I recently sat through a tiresome Obama "Town Hall" on "Economic Security" 
before hundreds of relatively unenthused supporters in Cedar Rapids, Iowa. 
Beyond some brief chest-pounding about Exxon-Mobil's latest record profits and 
"big oil's" campaign contributions to McCain, the content and tone of Obama's 
policy presentation was positively Dukakisian. It was very University of 
Chicago, loaded with arcane neoliberal policy wonkery that may have countered 
McCain's picture of him as an empty-headed celebrity (ala Paris Hilton) but also 
left much of the audience cold. It seemed almost calculated not to mobilize 
people for an epic confrontation with the vicious arch-plutocratic and 
messianic-militarist bastards behind the McCain campaign. A former John Edwards 
staffer who cringed through the event with me asked "where's the red meat?"  I 
imagined millions of formerly engaged Obama supporters forsaking politics 
altogether - their hopes for reform and "change" shattered and their desire to 
avoid politics reinstated - when and if Obama's tepid, business- and 
Empire-friendly campaign goes the way of Mondale, Dukakis, Gore, and Kerry.



Snotty Know-it-All Middle-Class Obamaists Not Transcending Race



Which brings me to another factor that could help cost Obama the election - the 
elitism, ignorance, and occasional race-baiting of many of his ostensibly 
progressive white middle and upper-middle class supporters.  So far this 
campaign season, I have been lectured by three white Iowa City 
liberal-"progressive" Obamaists on how Tom Frank's book shows the "idiocy" of 
the white lower and working classes - those misguided proletarian dunderheads 
who foolishly "vote against their own pocketbook interests" (against those 
supposedly wonderful and progressive Democrats) because of childish 
vulnerability to "cultural issues" like "guns, God, gays, and abortion."



"What's the matter with these clowns" one university-affiliated forty-something 
white male Obamaist asked me the other day, citing Frank's book. "Don't they get 
that the Democrats are the party of the workers and the poor?"
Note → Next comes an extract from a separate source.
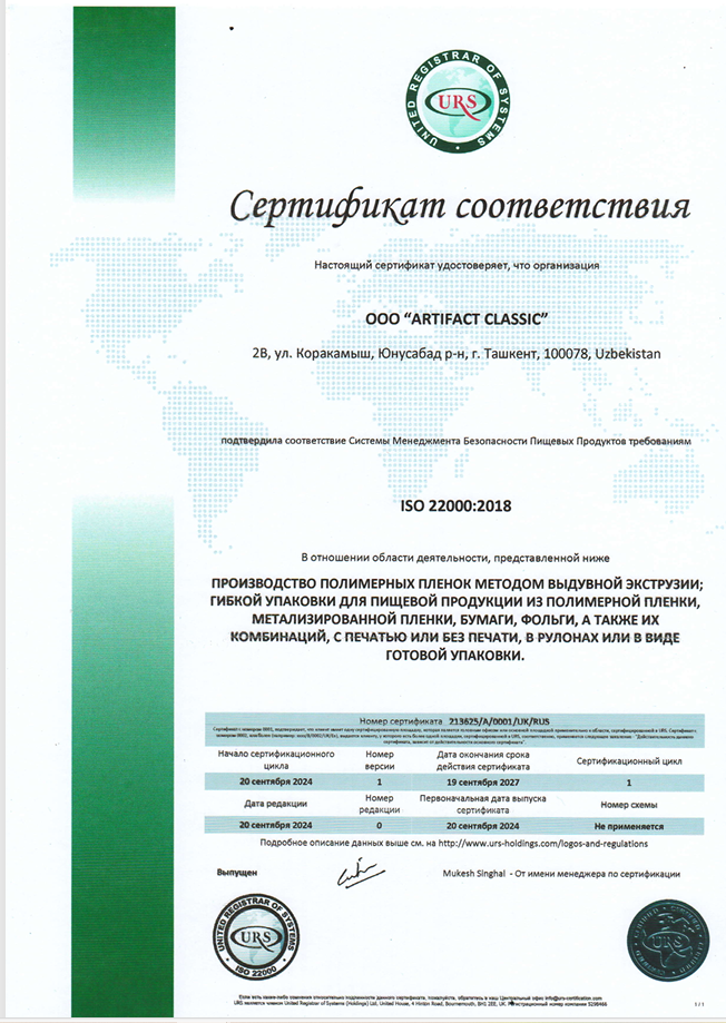 Производство полимерных пленок методом выдувной экструзии;Гибкой упаковки для пищевой продукции из полимерной пленки, метализированной пленки, бумаги, фольги, а также их комбинаций, с печатью или без печати, в рулонах или в виде готовой упаковки.

The Obama fan who asked me this insulting question became noticeably perturbed 
when I noted (A) the white working-class actually "votes its pocketbook" more 
than the white middle and upper class and (B) that Frank's book actually ends 
with the argument I quoted above, observing that the corporate-captive and 
excessively bourgeois Democratic Party opens the door for working class 
defection and apathy precisely by abandoning its commitment to working-class 
people's moral-economic issues and needs. The Democrats have long been the other 
business wing - the "inauthentic opposition" in - the corporate-managed American 
"one-and-a-half party system" (Princeton political scientist Sheldon Wolin's 
term) and Obama is not fundamentally challenging that terrible reality.
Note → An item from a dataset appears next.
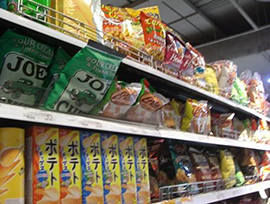 (5)日本の食品と日本語表示が垣間見られるスーパーマーケット店内と商品

Affluent white Obamaist liberals display a related and disturbing tendency to 
argue that any criticism of their hero's aristocratic bearing and commitments 
actually betray the critic's underlying "racism."



"You know what people really mean when they say Obama is bourgeois and elitist, 
don't you?" a patronizing white male university-connected know-it-all Obamaist 
asked me a few weeks ago. Before I could say anything, he answered his own 
question: "they mean they think he's ‘an uppity nigger.'"



Oh, okay. I'm sure there are plenty of white folks, including a large number of 
Republicans, who are using the charge of elitism and "haughtiness" as cover for 
racism.  But I (the author of two books and numerous project studies and 
hundreds of articles against white supremacy and institutional racism) am not 
one of those racists. When many whites and (by the way) blacks I know say that 
Obama is bourgeois and elitist, they simply mean that (whatever his skin color) 
  he's, well, bourgeois and elitist, which (by the way) he is.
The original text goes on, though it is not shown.